Spider-Man is one of the most iconic heroes of the Marvel universe. Created by Stan Lee and Steve Ditko, Spider-Man is a regular teenager named Peter Parker, who due to being bitten by a radio-active spider, gains abilities such as the proportional strength of a spider, wall crawling and a spider sense to detect upcoming danger. One of the biggest draws of Spider-Man that although he is a superhero and fought various villains from cosmic beings to petty criminals, he also had to deal with regular everyday problems, such as money issues, school life and the pressure of a job.

The Spectacular Spider-Man © Marvel Entertainment

In software there are also everyday problems which one has to tackle before one can defeat the villains of the domain at hand. One of these everyday problems is the issue of data validation. Data validation is the process of ensuring that the elements of the data are correct. This process has to be done in pretty much all domains when working with actual data. Consider the financial domain where a financial product can only be made available if the right requirements are fulfilled in the request. If the request is not written correctly then the request needs to be denied. In the legal and regulatory domains certain information that is required for a law must be fulfilled, otherwise costly corrections or fines can follow. Another good example is the clinical domain, where the a patients data needs to be transferred to an application. Here is it essential that this data fulfills the requirement for requesting a clinical procedure or a medication, as any mistake can lead to huge negative impact on the health of the patient.

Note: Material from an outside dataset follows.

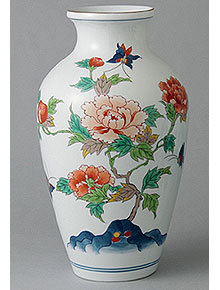 ◆ 中細花瓶 染錦牡丹蝶絵(有田焼)

One relatively recent tool that can be used to solve this problem is the clojure.spec library in the Clojure programming language. In this article we aim to explain, alongside Spider-Man, how these specs can be used to tackle the data validation problem in a spectacular way. As this library relies on the Clojure language some knowledge of Clojure is needed. In order to make this article understandable to those without such prior expertise we introduce some aspects of Clojure. In particular we focus on two features of it: the way information (data) is represented and the fact that it is a Lisp.

In Clojure data is represented with relatively few elements that are combined together. Take for example a scenario where we want to create a profile of Spider-Man, as taken from the Marvel wiki entry on Spider-Man.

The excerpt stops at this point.